● **WORK REQUEST**
Pictures should be excluded; otherwise, copy every entry exactly.

(Data excerpts)
[Start of Attachment]

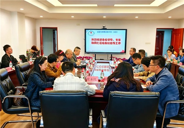 2026年4月22日,为推进青羊区中学教育扩优提质行动和成都市强校工程核心任务,促进义务教育优质均衡发展,青羊区教育局党组成员、区招办主任张勇,中教科科长曾成军、赵雪莲老师,区教育科学研究院副院长张航带领中学各学科教研员及学科中心组成员、骨干教师一行到成都市树德实验中学(东区)进行全面、深入的教育教学视导。本次视导活动由区教科院中学和中职教育研究所副所长刘小平老师主持。 专题汇报展成果 内涵发展显特色 学校分管教学副校长杨大学以《厚植特色强内涵 智慧赋能谱新篇》为题,作教育教学工作专题汇报。他围绕教育教学与管理、课程建设、智慧校园建设与教师队伍建设四个方面,系统阐述了学校的实践路径与发展成果,展现了学校在教育教学改革中的积极探索。
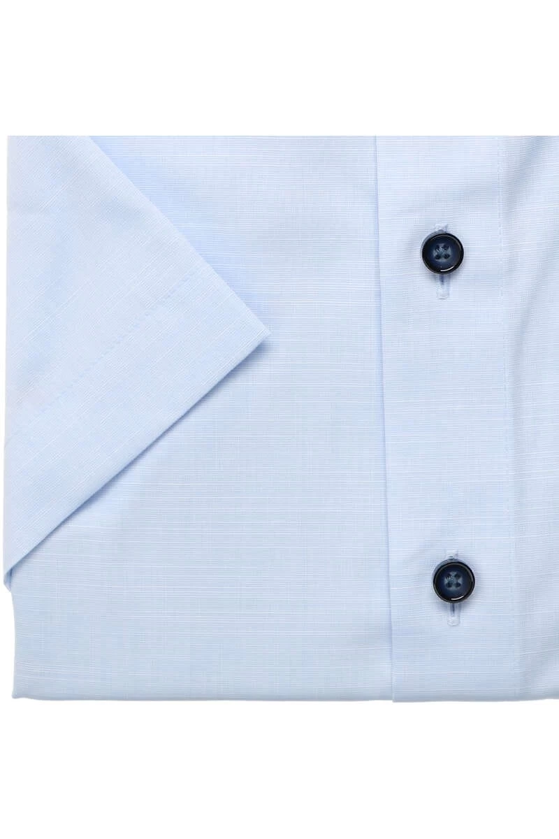 Das Hemd mit Kurzarm ist aus einem Popeline – Stoff gefertigt. Der Stoff hat eine atmungsaktiv Eigenschaft. Er absorbiert Feuchtigkeit, was die gefühlte Temperatur des Trägers am am Körper reguliert.
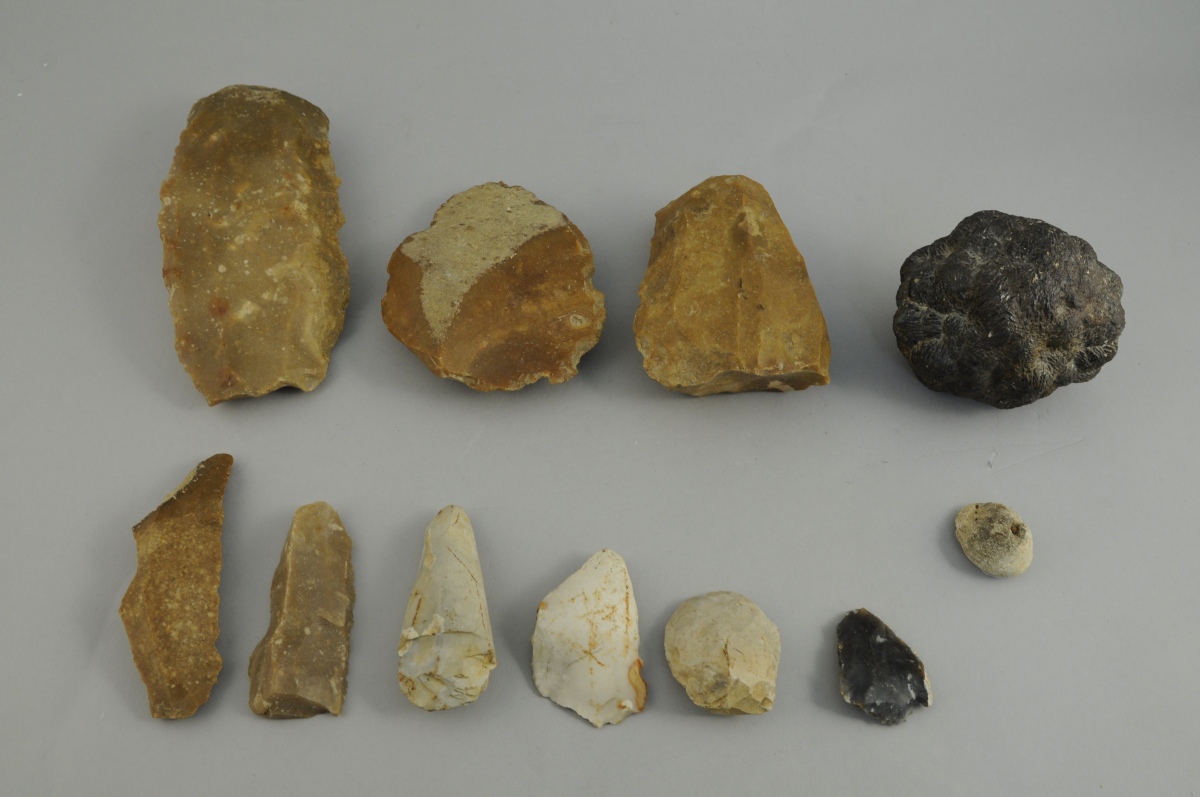 - Trois racloirs. Deux en silex blanc et un en silex noir. Long. 6, Larg. 4,5 ; Long. 6,7, Larg. 5,2 et Long.8,7, Larg. 5,2 cm.
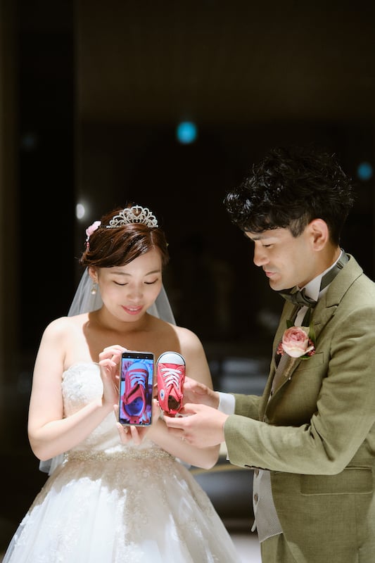 同じ時期にご懐妊されてお腹に赤ちゃんがいる為、また改めてお子様達とご一緒に沖縄の地に足を踏み出してほしいと願い、お互いのご夫婦へベビーシューズをサプライズでプレゼントする。
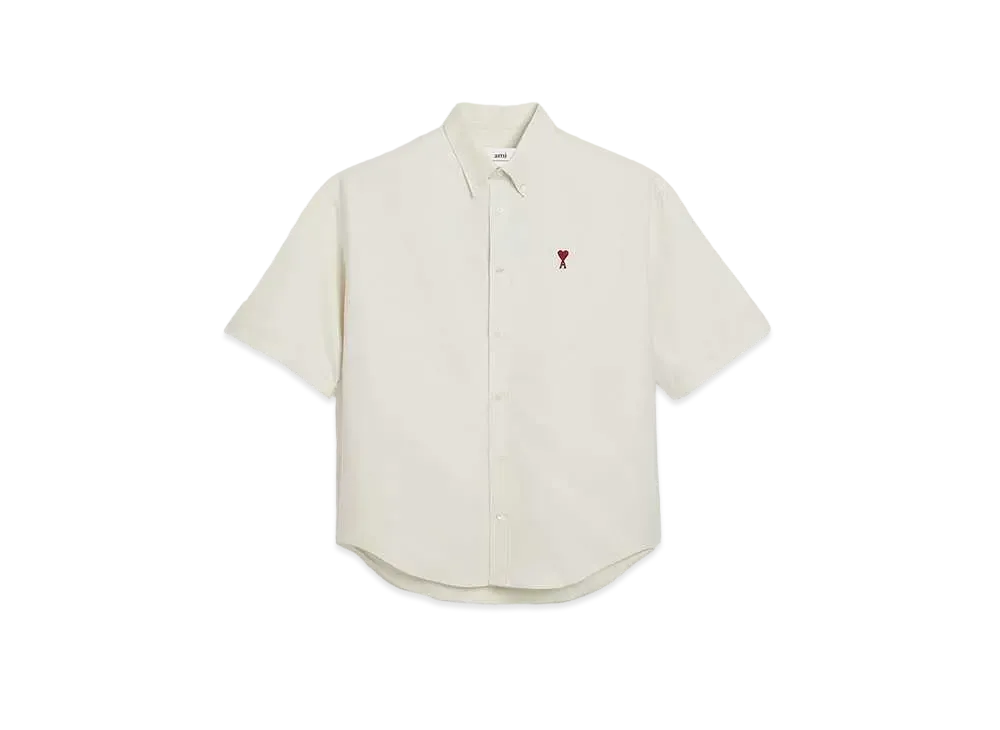 AMI PARIS Cotton Oxford Boxy Fit Short Sleeve Shirt "Chalk "
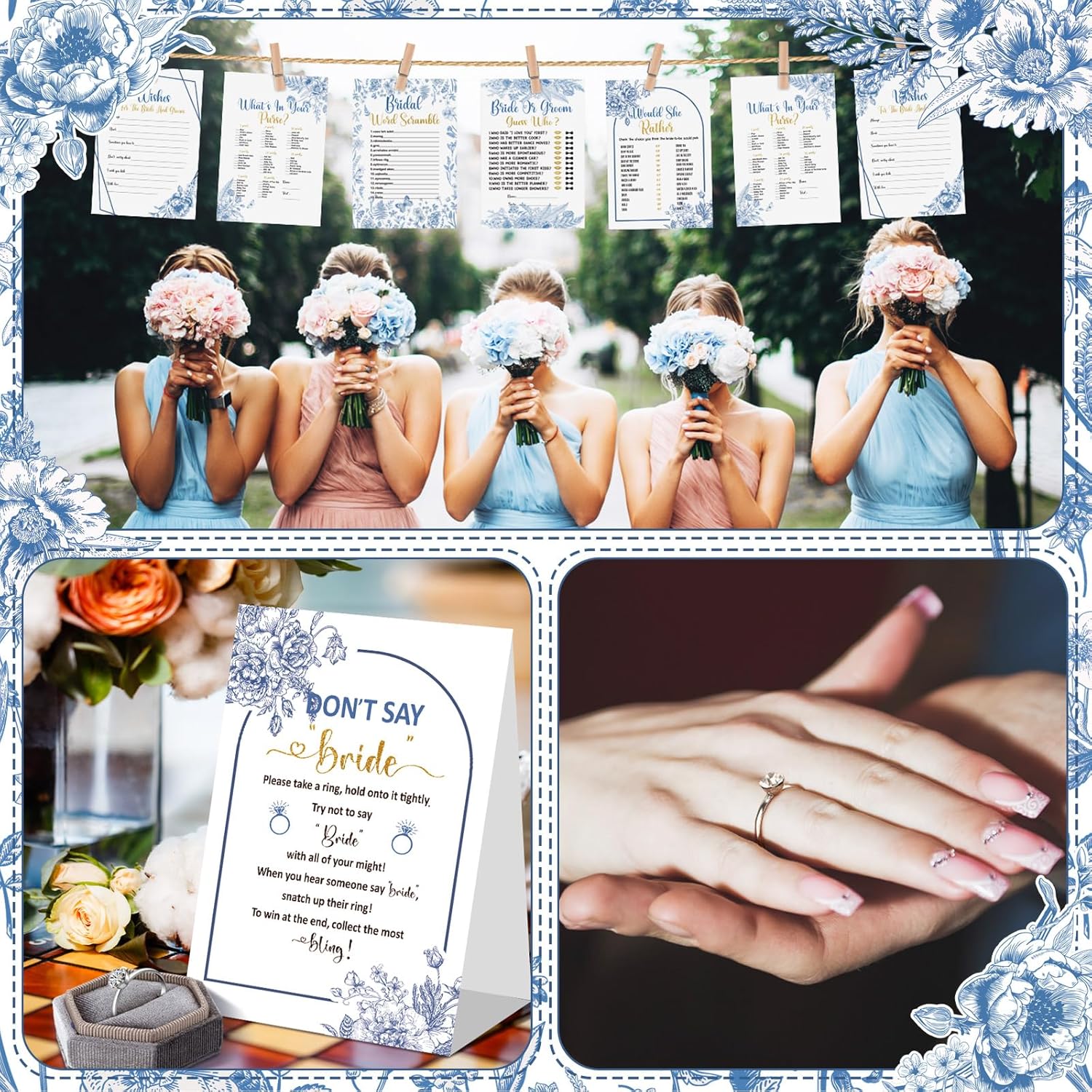- Delicate and Classic: the put a ring on it bridal shower games are designed mainly in blue and white colors, clearly printed and full of blue floral patterns, and they can meet the aesthetics of most people
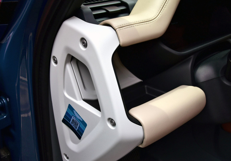 新卫士的内饰也是天翻地覆的变化,中控台由镁合金材质制成,表面喷涂工艺之前大多是用在车底来进行一些保护,但设计师觉得这很好看,实际效果也非常的出色。
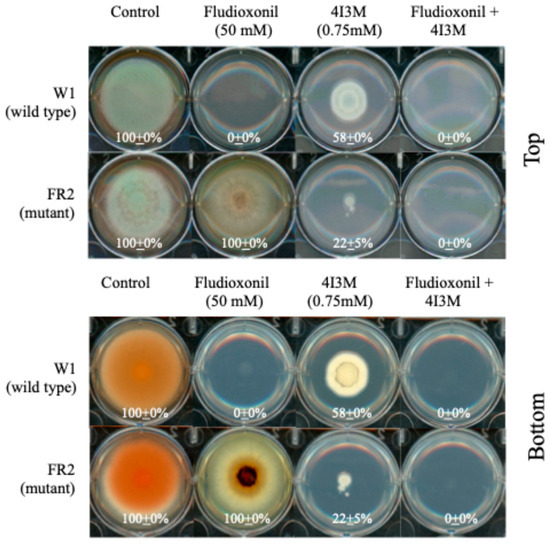 Penicillium expansum FR2 is a MAPK pathway mutant involved in oxidative stress signaling [49], thus showing tolerance to FLU, whereas it is more susceptible to oxidative stress reagents compared to the parental, wild-type strain. Using P. expansum (W1; wild type, parental strain) and FR2 (oxidative/osmotic stress MAPK mutant) as a “model” filamentous/mycotoxigenic (producing toxic patulins) fungal system, we examined the capability of 4I3M for overcoming FLU tolerance of P. expansum FR2. We tried to confirm the antifungal potential of 4I3M as a “redox-active” compound by targeting FR2. As shown in Figure 6, 4I3M at as low as 0.75 mM overcame FLU tolerance of P. expansum FR2. Of note, P. expansum FR2 exhibited higher sensitivity to 4I3M, as determined by the smaller colony size formed (viz., fungal growth: 58 ± 0% W1 vs. 22 ± 5% FR2 compared to the control). Therefore, results indicated that 4I3M is a redox-active compound, where the level of redox-activity (redox cycling) exerted by 4I3M was enough to induce the higher susceptibility of FR2 to 4I3M toxicity when compared to the parental strain W1.
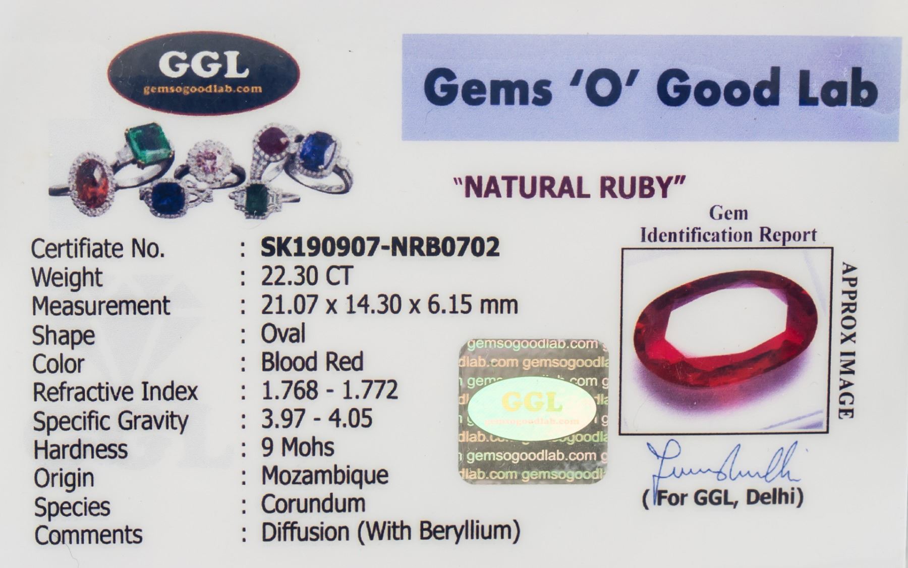 One (1) 22.30 ct oval cut blood red ruby gemstone. 21.07 x 14.30 x 6.15 mm. Accompanied with GGL certificate.
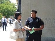 新闻发布会期间,学员们手持横幅发正念并演示了功法。学员们向过往的行人和执勤警察讲述柬埔寨事件和中国江泽民政府迫害法轮功的真相,并递上真相资料和光盘。
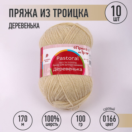 Пряжа для вязания из Троицка Деревенька 10 мотков 100 грамм 170 метров шерсть 100% цвет суровый 0166
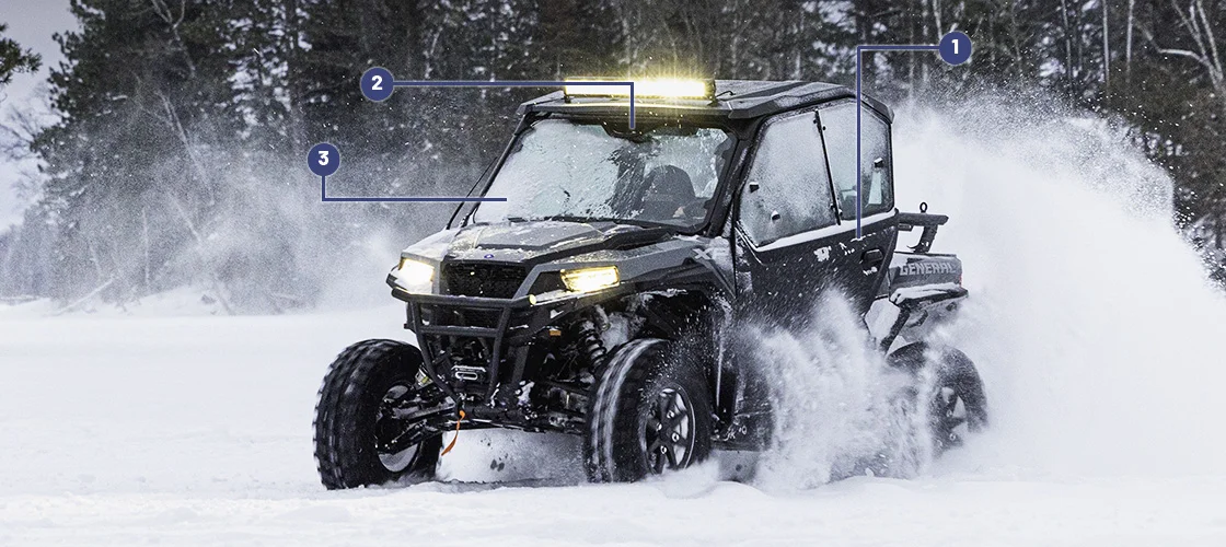Polaris General™ 1000 deluxe to pojazd off-road, który łączy sportową jazdę i użytkowość. Jego potężny silnik o mocy 100 km i jego lekka masa sprawia, że tym pojazdem można się przemieszczać wszędzie. Tylne i przednie zawieszenie posiada stabilizator poprzeczny co zapewnia kierującemu maksymalny komfort. Podsumowując, rewelacyjna maszyna!

[End of Attachment]

● **SOLUTION FOR THIS PROBLEM**
 2026年4月22日,为推进青羊区中学教育扩优提质行动和成都市强校工程核心任务,促进义务教育优质均衡发展,青羊区教育局党组成员、区招办主任张勇,中教科科长曾成军、赵雪莲老师,区教育科学研究院副院长张航带领中学各学科教研员及学科中心组成员、骨干教师一行到成都市树德实验中学(东区)进行全面、深入的教育教学视导。本次视导活动由区教科院中学和中职教育研究所副所长刘小平老师主持。 专题汇报展成果 内涵发展显特色 学校分管教学副校长杨大学以《厚植特色强内涵 智慧赋能谱新篇》为题,作教育教学工作专题汇报。他围绕教育教学与管理、课程建设、智慧校园建设与教师队伍建设四个方面,系统阐述了学校的实践路径与发展成果,展现了学校在教育教学改革中的积极探索。
 Das Hemd mit Kurzarm ist aus einem Popeline – Stoff gefertigt. Der Stoff hat eine atmungsaktiv Eigenschaft. Er absorbiert Feuchtigkeit, was die gefühlte Temperatur des Trägers am am Körper reguliert.
 - Trois racloirs. Deux en silex blanc et un en silex noir. Long. 6, Larg. 4,5 ; Long. 6,7, Larg. 5,2 et Long.8,7, Larg. 5,2 cm.
 同じ時期にご懐妊されてお腹に赤ちゃんがいる為、また改めてお子様達とご一緒に沖縄の地に足を踏み出してほしいと願い、お互いのご夫婦へベビーシューズをサプライズでプレゼントする。
 AMI PARIS Cotton Oxford Boxy Fit Short Sleeve Shirt "Chalk "
- Delicate and Classic: the put a ring on it bridal shower games are designed mainly in blue and white colors, clearly printed and full of blue floral patterns, and they can meet the aesthetics of most people
 新卫士的内饰也是天翻地覆的变化,中控台由镁合金材质制成,表面喷涂工艺之前大多是用在车底来进行一些保护,但设计师觉得这很好看,实际效果也非常的出色。
 Penicillium expansum FR2 is a MAPK pathway mutant involved in oxidative stress signaling [49], thus showing tolerance to FLU, whereas it is more susceptible to oxidative stress reagents compared to the parental, wild-type strain. Using P. expansum (W1; wild type, parental strain) and FR2 (oxidative/osmotic stress MAPK mutant) as a “model” filamentous/mycotoxigenic (producing toxic patulins) fungal system, we examined the capability of 4I3M for overcoming FLU tolerance of P. expansum FR2. We tried to confirm the antifungal potential of 4I3M as a “redox-active” compound by targeting FR2. As shown in Figure 6, 4I3M at as low as 0.75 mM overcame FLU tolerance of P. expansum FR2. Of note, P. expansum FR2 exhibited higher sensitivity to 4I3M, as determined by the smaller colony size formed (viz., fungal growth: 58 ± 0% W1 vs. 22 ± 5% FR2 compared to the control). Therefore, results indicated that 4I3M is a redox-active compound, where the level of redox-activity (redox cycling) exerted by 4I3M was enough to induce the higher susceptibility of FR2 to 4I3M toxicity when compared to the parental strain W1.
 One (1) 22.30 ct oval cut blood red ruby gemstone. 21.07 x 14.30 x 6.15 mm. Accompanied with GGL certificate.
 新闻发布会期间,学员们手持横幅发正念并演示了功法。学员们向过往的行人和执勤警察讲述柬埔寨事件和中国江泽民政府迫害法轮功的真相,并递上真相资料和光盘。
 Пряжа для вязания из Троицка Деревенька 10 мотков 100 грамм 170 метров шерсть 100% цвет суровый 0166
Polaris General™ 1000 deluxe to pojazd off-road, który łączy sportową jazdę i użytkowość. Jego potężny silnik o mocy 100 km i jego lekka masa sprawia, że tym pojazdem można się przemieszczać wszędzie. Tylne i przednie zawieszenie posiada stabilizator poprzeczny co zapewnia kierującemu maksymalny komfort. Podsumowując, rewelacyjna maszyna!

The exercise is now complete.